Tag Archives: Manifest

Binge Watching in the New Normal

Pandemic restrictions have been lifted, but just last week I was buying some KN-95 masks because I live in California where things are just on fire for months at a stretch.  There was a brief conspiracy theory about why we all had masks on hand when Covid hit, and then we reminded people it was literally raining ash over most of the state during the summer of 2019 so we needed them to breath.

All of which is just another reason to stay inside and watch TV.

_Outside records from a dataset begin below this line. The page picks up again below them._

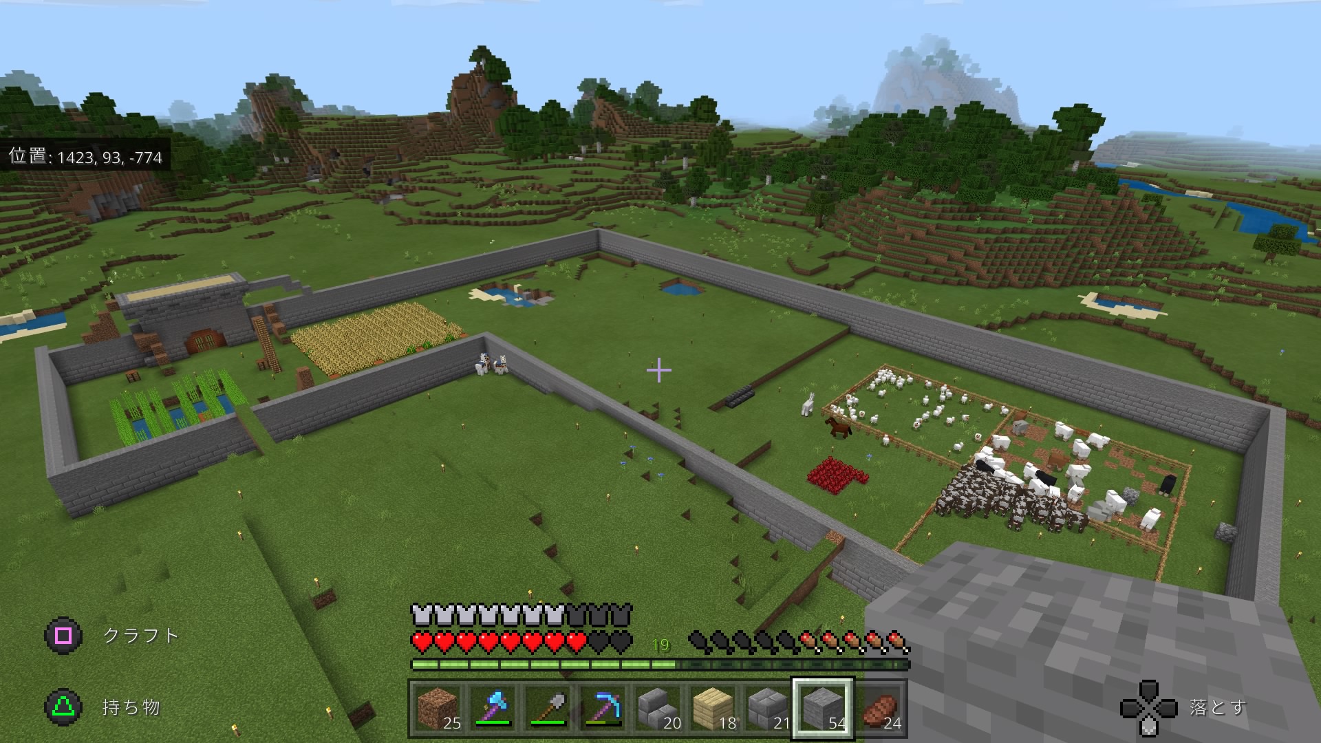 以前にプレイした時、村が襲われたりするイベントが面倒だったので、襲撃者を完全排除するべく壁を作ってみました。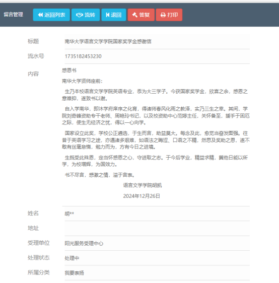 发来感谢信的是英语专业大三员工胡凯,前不久他凭借优秀的成绩成功拿到了国家奖学金,感念公司和公司对他的鼎力相助,为表感谢特意写了感谢信,真挚情感溢于言表。他在信中特别感谢了公司党委周艳玲副书记、资助专干刘奇峰老师和校资助中心的范婷主任,他感谢公司上下对他的支持与帮助,并表示将常怀感恩之心,在未来继续精进学业,给母校增辉,为家国效力。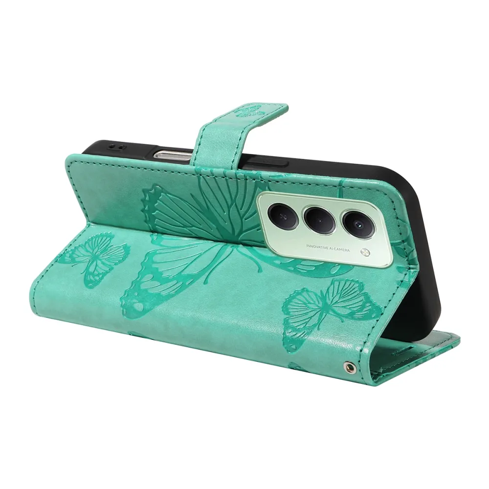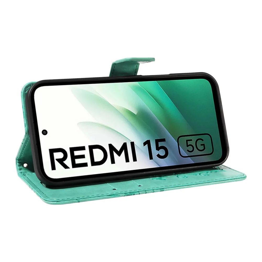 Modrozelené peňaženkové púzdro Big Butterfly na mobil Xiaomi Redmi 15 4G (171mm)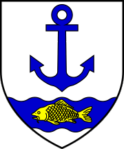 The coat of arms is prescribed as "Argent an anchor azure and in the base a fish (carp) or on a fess of the second". The fess is not mentioned as wavy.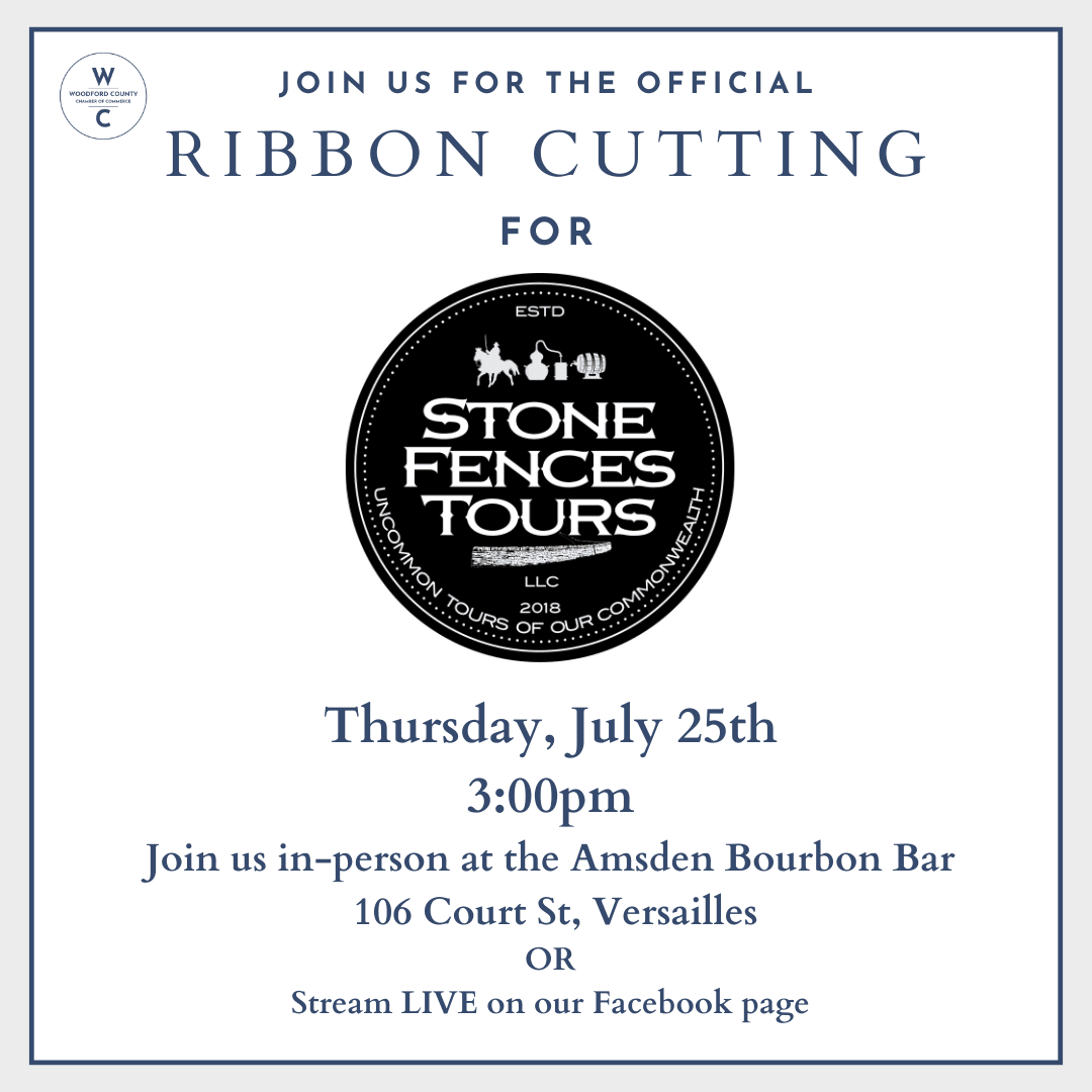 Join us in welcoming Stone Fences tours to the Woodford County Chamber of Commerce with an official ribbon cutting ceremony! Hosted by the Amsden Bourbon Bar in downtown Versailles.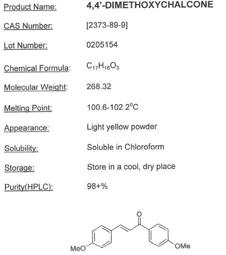 4,4 ‘- Dimethoxychalcone is a chalcone compound with multiple biological activities and a natural phenolic compound. It is a precursor for the biosynthesis of flavonoids and isoflavone compounds.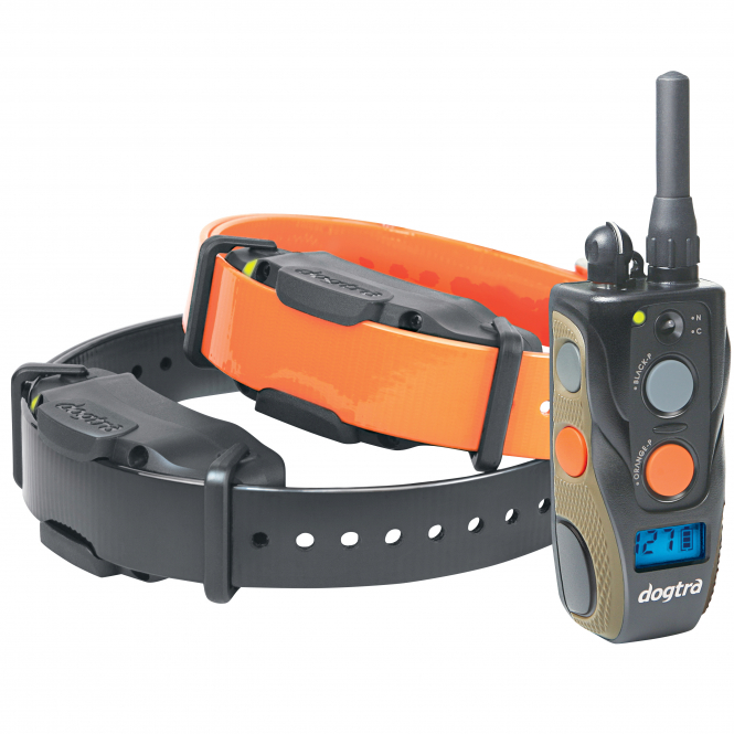 The Dogtra ARC 1202S for two dogs is the latest model from Dogtra and is the successor to the Dogtra 1212 NCP. This model was specially developed for the hunting dog from 20 kg. A new feature is the slightly rounded, waterproof collar receiver, which optimally adapts to the dog's neck thanks to its ergonomic and round shape, and discreetly disappears behind the flexible collar with pin buckle, so that it is almost invisible from the outside. The 127 impulse levels of different strengths can be infinitely adjusted to the temperament of your dog. A large, illuminated LCD display keeps you constantly informed about the set impulse levels and the battery status of the hand transmitter. Depending on the situation, the 127 impulse levels can be triggered either as a single impulse or as a continuous impulse. A separate, extra strong vibration function is also available. Of course, each dog can be controlled with a separate trigger button. The handheld transmitter can be switched off with a separate switch to avoid accidental triggering. The waterproof collar receiver is inconspicuously embedded in the collar. The supplied flexible collar with pin buckle, is suitable for dogs with a collar circumference of 30 cm to 75 cm and can be easily shortened with scissors if necessary. The 15 mm stainless steel contacts included in the delivery are specially designed for water work and are suitable for a coat length of up to 6 cm. For dogs with longer fur, we recommend our 19 mm contacts for better fur penetration. The battery-operated handheld transmitter and collar receiver are ready for immediate use after a 2-3 hour charging time.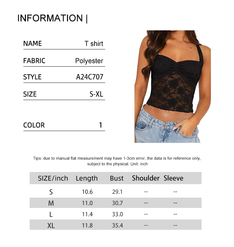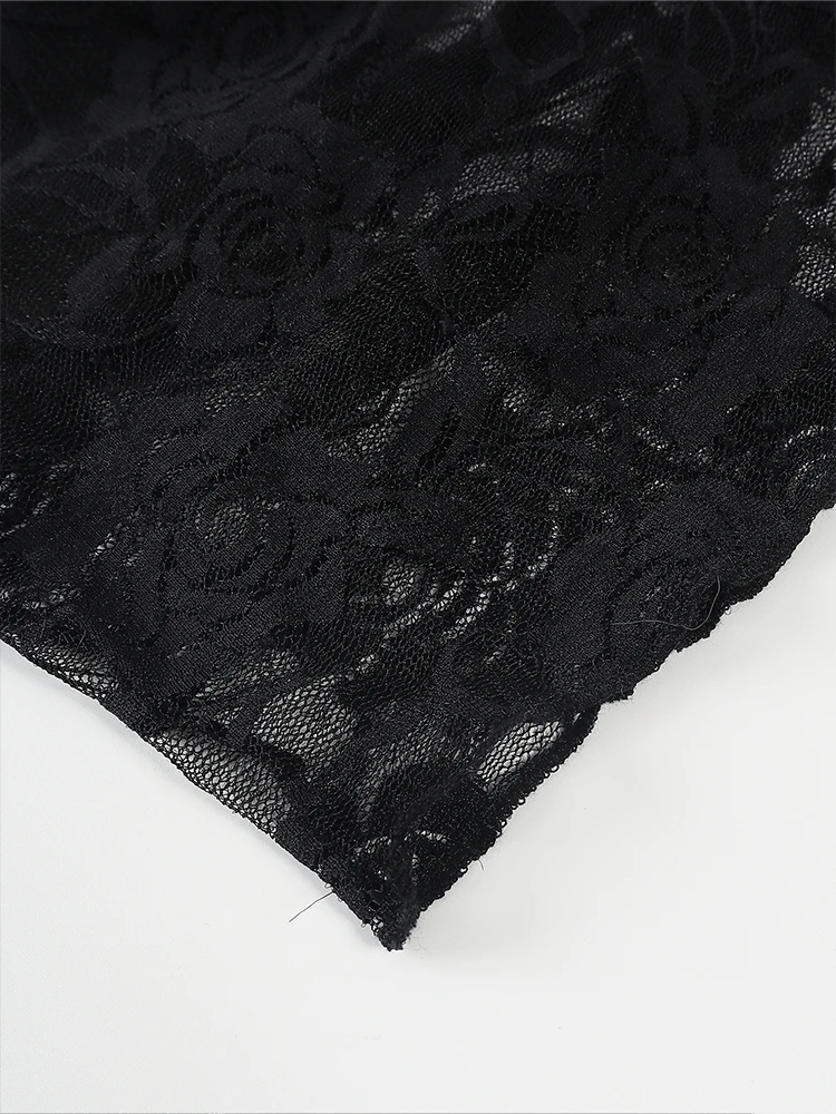 Embrace the Y2K trend with this sleeveless lace t-shirt, featuring a sexy slim fit and intricate lace detailing.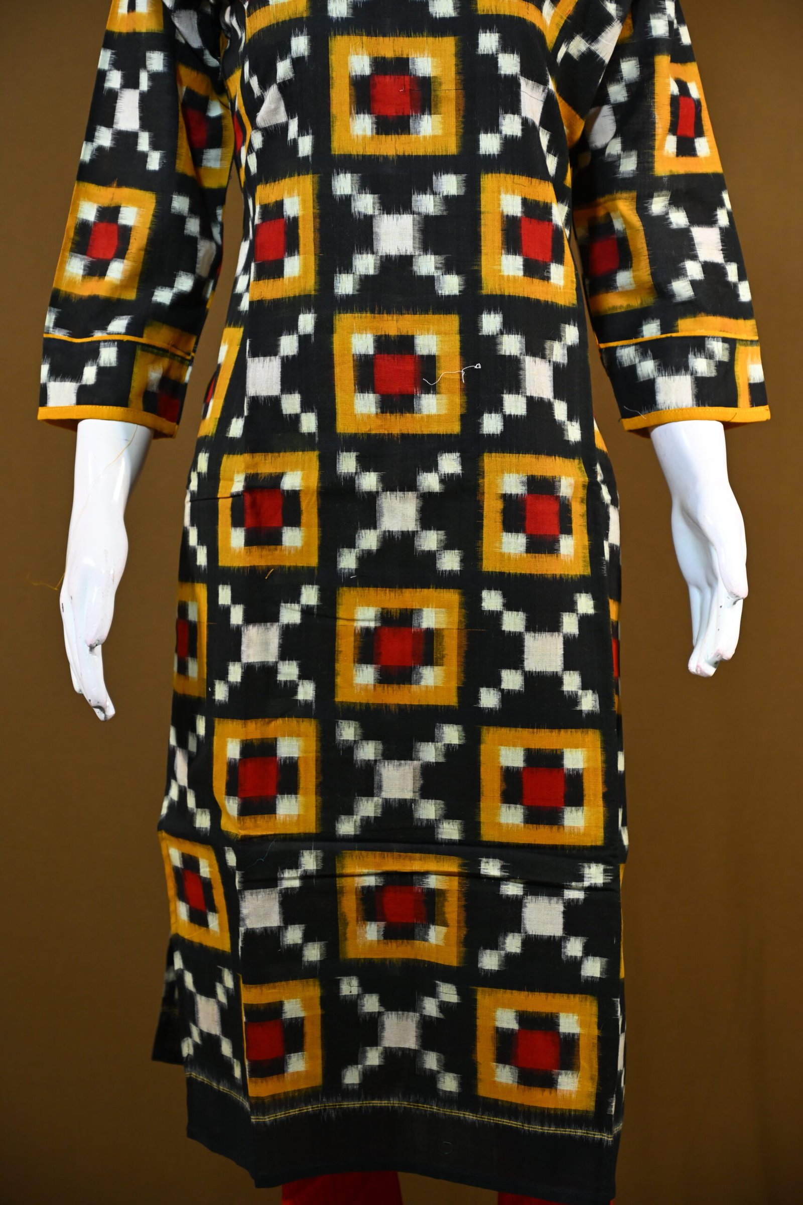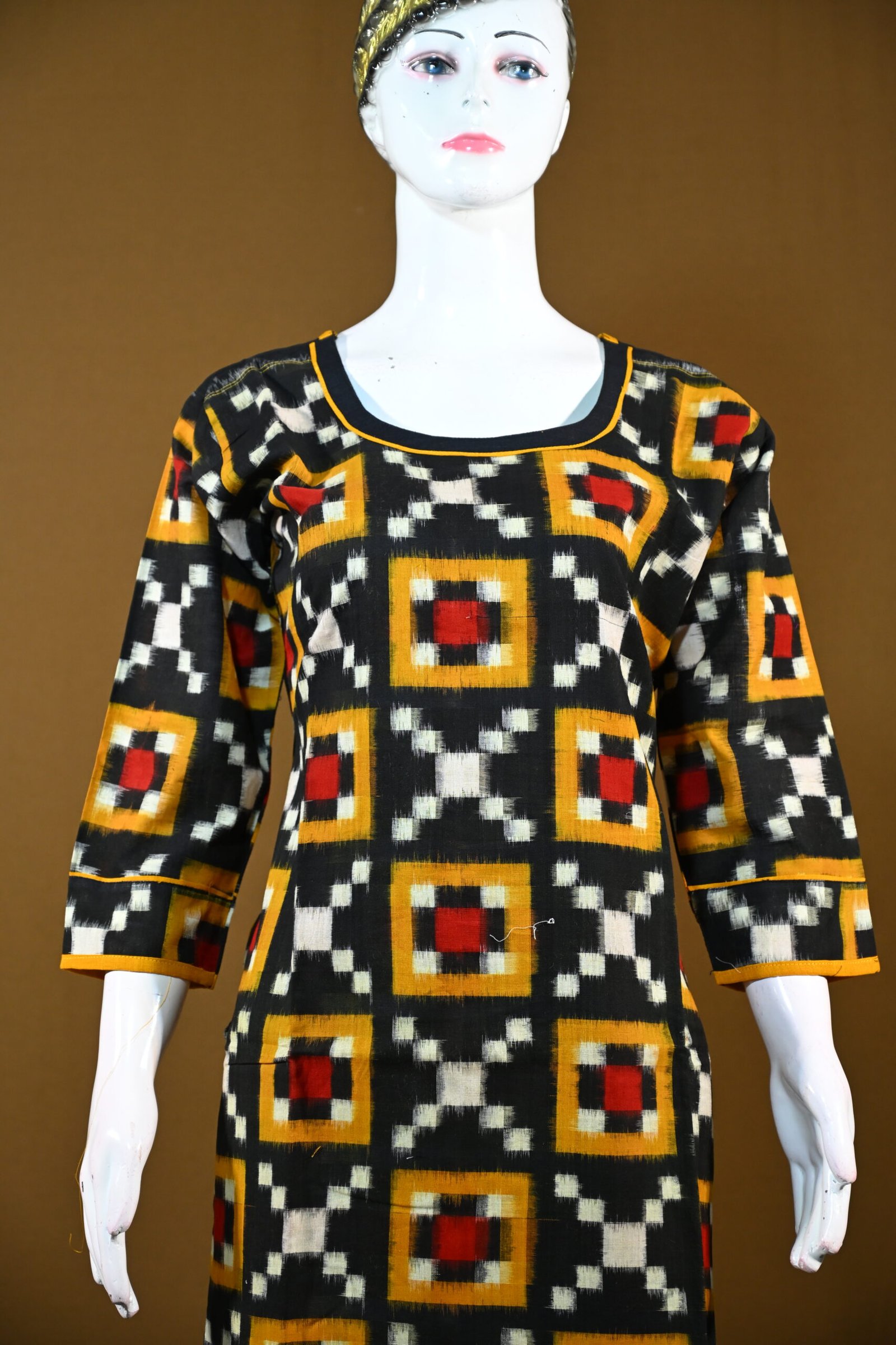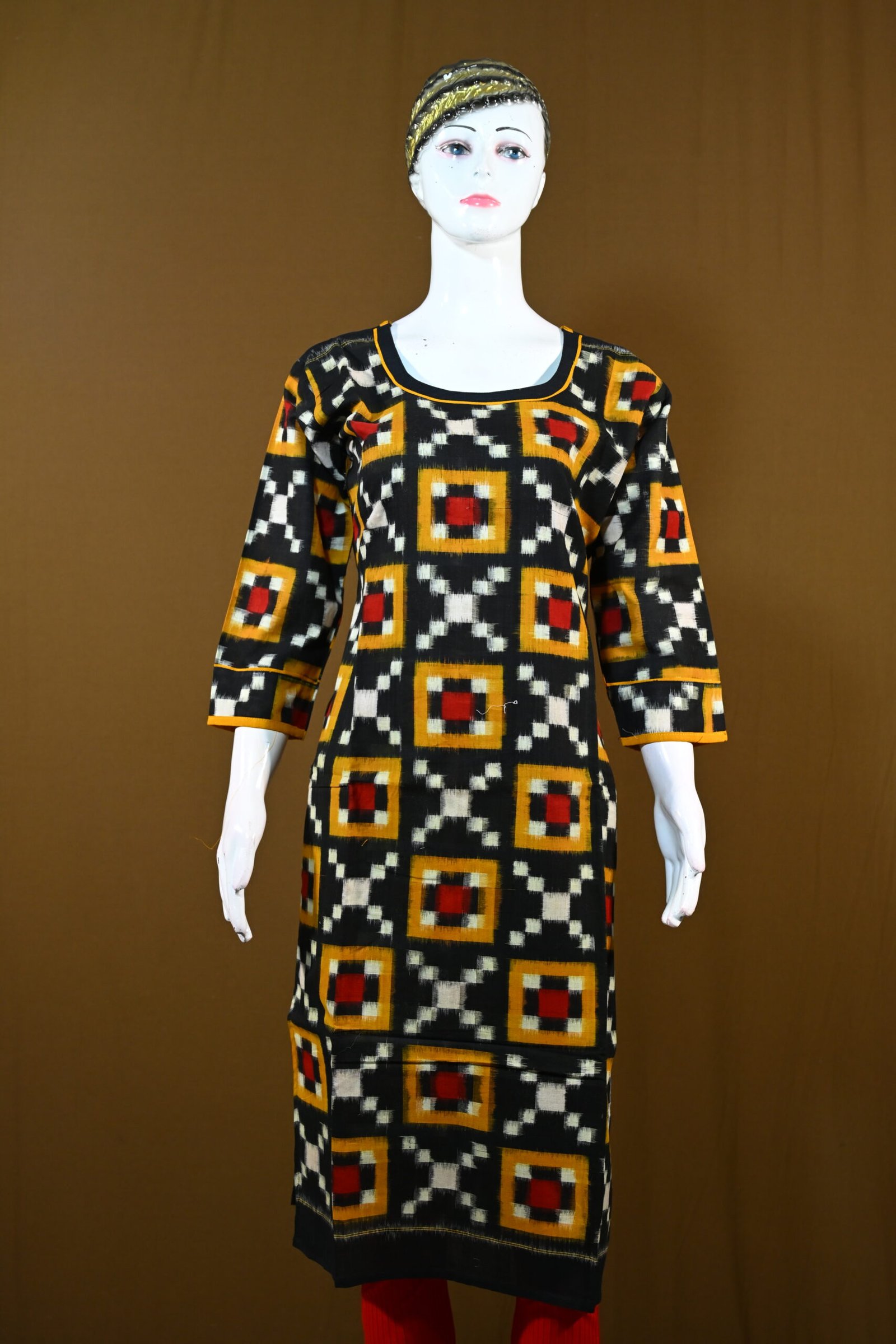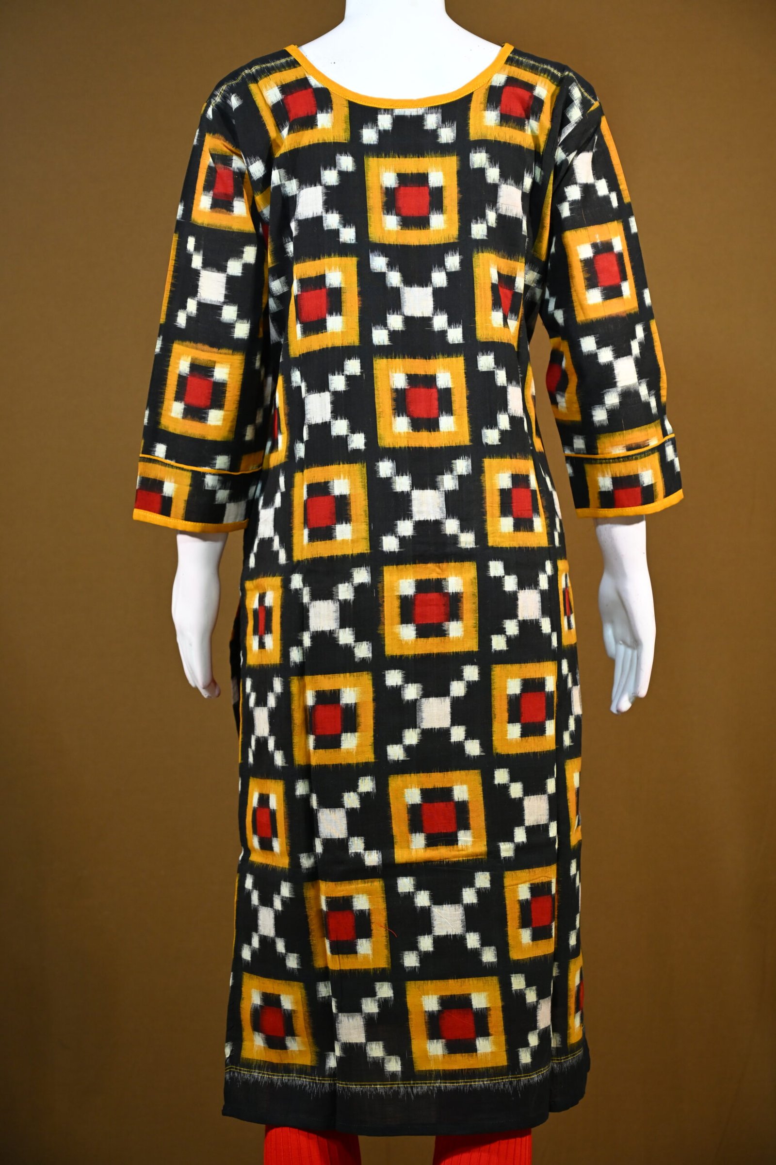 Embrace ethnic elegance with this pure Sambalpuri cotton kurti, showcasing traditional Ikat patterns in striking black, mustard, and red tones. The geometric motifs add a bold yet classic touch, perfect for casual and festive occasions.

The show is about an aging stand up comedian, Deborah Vance, who was an early female presence in the genre (think Joan Rivers) and who has been doing a Las Vegas show for many years running on the same material.  Her agent sends out a 25 year old female comedy write who was just fired from her last gig for being too controversial on Twitter in an effort to get Deborah’s act to appeal to a younger demographic.  The two meet, don’t like each other, and the usual generational sniping begins which ends with grudging acceptance than a genuine relationship.

This could have been a very predictable show.  In fact, it often is very predictable.  I am not spoiling anything in my description above because you’ll see it coming a mile away.  But Jean Smart’s performance as Deborah Vance manages to make it rise above what could have been another throw away series about show business and the generation gap.  I don’t want to sell the rest of the cast short.  There are plenty of good performances, but Jean Smart is the anchor that sells it.

In the air flight 828 experiences some severe turbulence.  When they land in New York the passengers and crew find that five years have passed since their flight departed.  They have been missing, presumed dead for most of that time.  The government wants to know what is going on, a shadowy defense contractor is very interested in the passengers, a scientists fringe theories seem to be born out by the event, and a semi-religious following starts obsessed with the people who disappeared and were returned with flight 828.

Meanwhile, the lives of the passengers all moved on while they were away.  Kids grew up, spouses found new partners, jobs and technology and science went along without them.  And some of the passengers start hearing voices in their heads, giving them vague instructions or showing them visions.

There is a lot of possible content there to mine to drive a story.  But the writers try to have it all, and in trying to cover all the possible angles, end up with a show that feels like it doesn’t deliver fully on any front.  The episodes jump around, dealing with relationship issues, the NSA investigation of the passengers, the defense contractor’s odd motives and experiments, seeded with plenty of Walking Dead-like flash backs to make sure we know everybody’s store.  The whole thing just didn’t jell for us and we stopped after the first season.

The show follows the aging Sandy Kominsky (Micheal Douglas), a one time aspiring actor from New York who ended up in LA and never quite made the cut.  So he became an acting coach and opened his own school of acting, which he runs with his daughter.  He has still lived the LA lifestyle, has been married three times, has slept with numerous stars, and tends to favor much younger women.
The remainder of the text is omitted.